The oil complex is moving lower this morning retracting some of yesterday’s gains. Crude rose over a dollar yesterday pushing just over the $70 mark to close the day. This morning, crude is trading back below $70, down 92 cents at $69.21.
Fuel prices are also making their way to lower ground following crudes downward momentum. Products saw mixed results yesterday with diesel trading up 2 cents and gasoline losing half a cent. Gasoline and diesel are moving in the same direction this morning, trading down just over 2 cents at $2.1386 and $2.1500 respectively.
Oil prices are easing this morning as President Trump has been softening his rhetoric towards Iran, noting yesterday that he’s willing to meet with Iranian President Rouhani. After exchanging heated tweets, this change in sentiment signals hope for bringing Iran’s oil production back to the market.

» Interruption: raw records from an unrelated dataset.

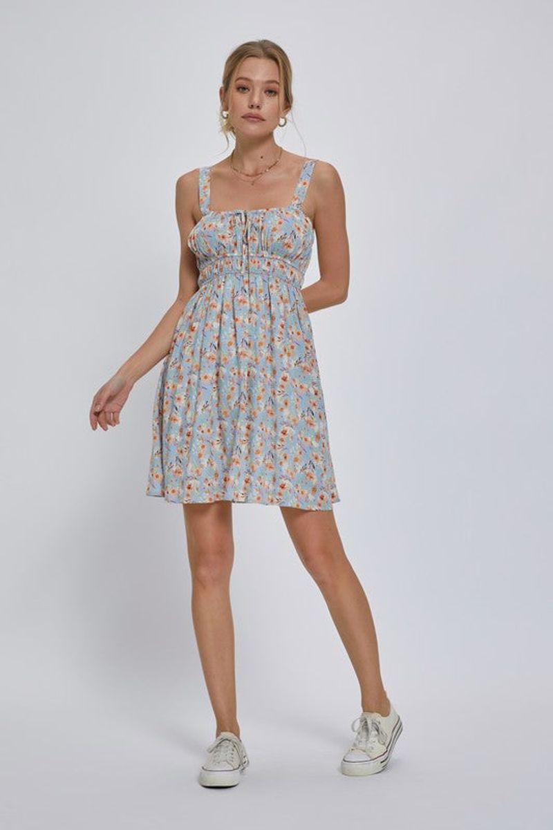 Double Waist Floral Mini Dress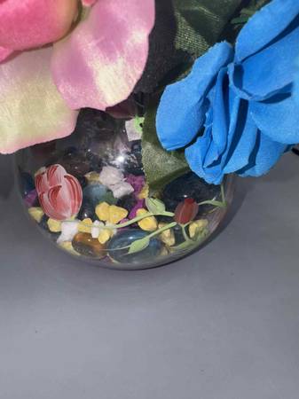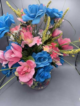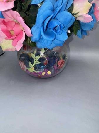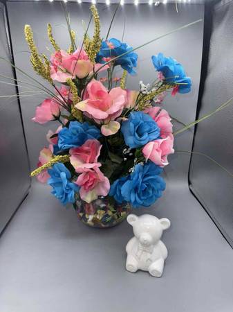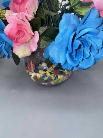 Cute pink & blue artificial flower arrangement decor in hand painted vase filled with colorful peddles, glass stones and colorful Great for decor or cute for gender reveal decor comes with white...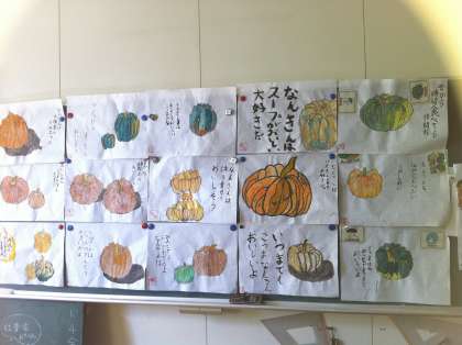 辰巳さんから話を聞き、ずっと学習を進めてきたこつまなんきん。一生懸命に世話をし、できたものを収穫し、絵で表現しました。
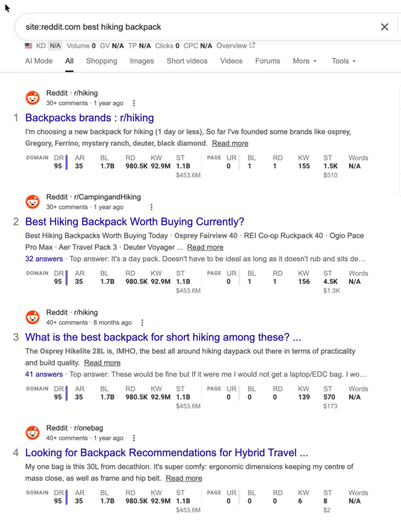 从宽泛的搜索开始,并留意返回的帖子数量。如果 site:reddit.com "best hiking backpack" 返回了数十条结果,这表明存在真实的需求,并且谷歌信任Reddit上对此话题的解答。如果 site:reddit.com "best hiking backpack for ultralight thru-hiking" 只返回了两条结果,那么这个机会就小得多。Reddit结果的数量可以粗略地代表需求的大小。
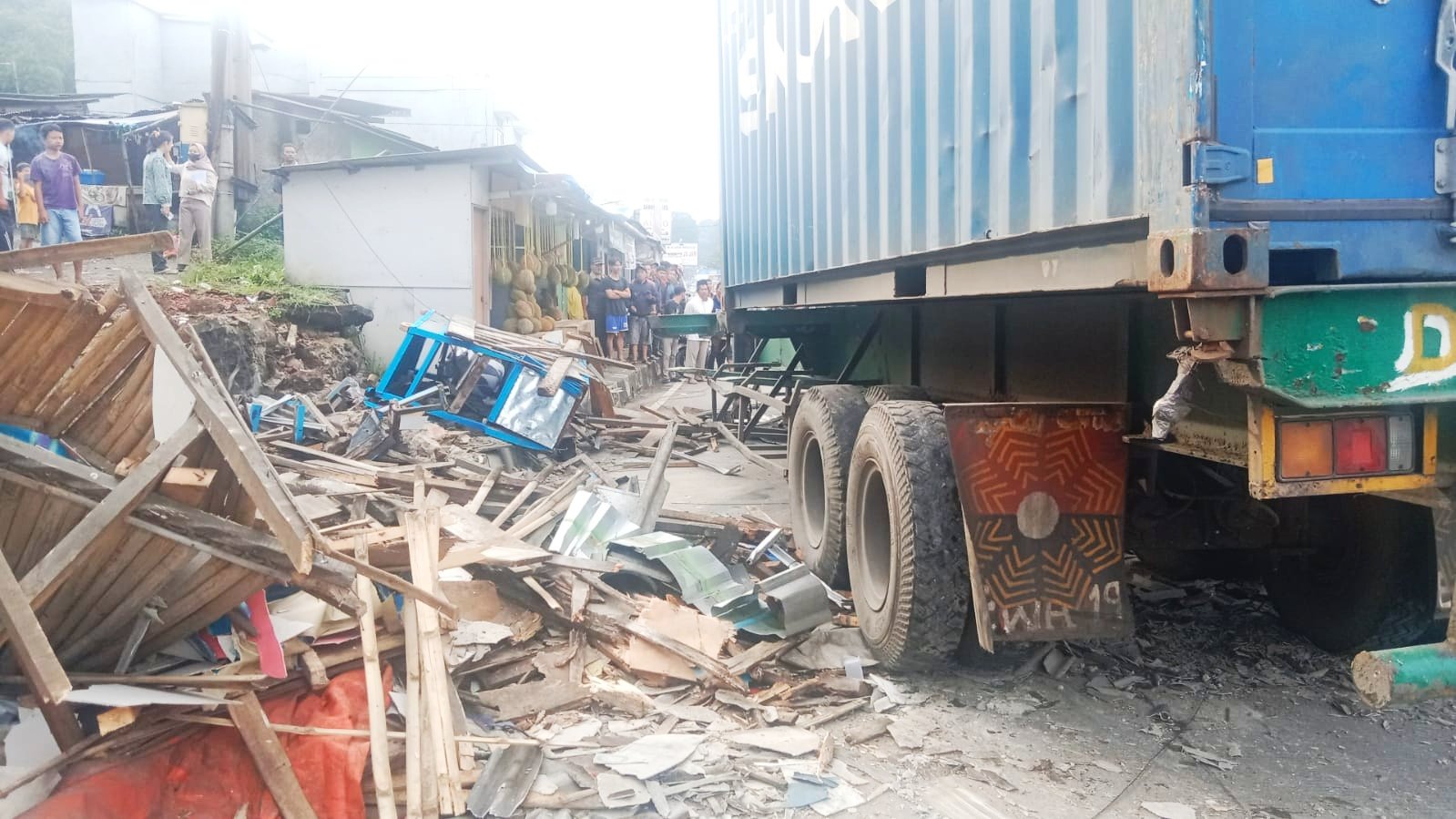 CIAWI, Harnas.id – Diduga tak kuat menanjak, sebuah truk kontainer menabrak dua warung milik warga di tepi Jalan Raya Mayjen HR Edi Sukma, tepatnya di Desa Teluk Pinang, Kecamatan Ciawi, Kabupaten Bogor, Rabu (07/12/22).

Sanctions are expected to remove as much as 1 million barrels per day from the global market; a new deal waiving sanctions would allow this oil to be sold globally, causing prices to drop quickly lower.
On the economic front, economists are growing worried about the reversal of quantitative easing, the economic response to the Great Recession. Back in 2009, central banks undertook a new approach to combatting recessions – QE, which involves buying trillions of dollars of bonds and securities. All those purchases flood the economy with cash, sort of like injecting a steroid into the economy to get it working again. Now central banks are reversing course, pulling money out of the economy to slow it down.
Quantitative easing was a brand new policy when implemented – and it worked (depending on who you talk to), preventing the economy from falling too far into default. But now markets are facing an equally uncertain future as central banks reverse course. Money has never been withdrawn from an economy at this scale, and it could impact everything from interest rates to financial markets.
What does that mean for oil? Like all financial markets, oil will likely be impacted by the volatility. Less liquidity for the dollar means rising dollar values, putting downward pressure on oil prices. QE’s reversal could also mean a slowing economy – meaning less demand for oil, also a bearish pressure.
State Department Approves Keystone XL
It may seem surprising after all the headlines of various environmental battles we’re still talking about Keystone XL. But yesterday, the State Department reviewed the Keystone’s construction plan in Nebraska and gave the official “okay” to build. Of course, construction won’t even begin until 2019, but the psychological benefits of the approval could cause WTI prices to ease lower a bit.
Keystone XL will make it easier to bring crude oil from Canada to the Gulf Coast, allowing for easier export. The new pipeline will help resupply Cushing stocks that have been steadily declining over the past month, and will provide a buffer against shortages like the Syncrude production outage that’s been keeping WTI prices high lately.